Reputation: 129
Hi I have a pandas dataframe column which I need to set as numeric.
First I need to remove the 'M' (for millions) from the data. Then I can use to_numeric function. But the end result seems to just be a series of NaN's. Looking further into it, the numeric method isn't working because the column still contains an 'M" - hence the replace method isn't working.

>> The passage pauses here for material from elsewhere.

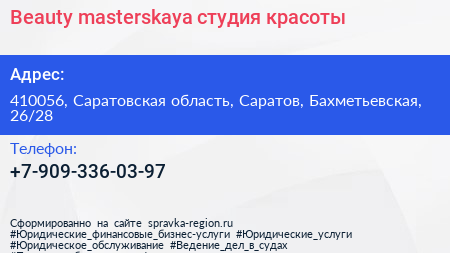 Beauty.masterskaya, студия красоты по адресу 410056, Саратовская область, Саратов, Бахметьевская, 26/28 в дальнейшем Организация, размещена в следующих категориях:

Why is the replace method not removing the 'M'?
#!/usr/local/bin/python3
import requests
import pandas as pd
headers = {'User-Agent': 'Mozilla/5.0 (Windows NT 10.0; Win64; x64; rv:74.0) Gecko/20100101 Firefox/74.0'}
url = 'https://www.sharesoutstandinghistory.com/ivv/'
r = requests.get(url, headers=headers)
df = pd.read_html(r.content, header =0)[1]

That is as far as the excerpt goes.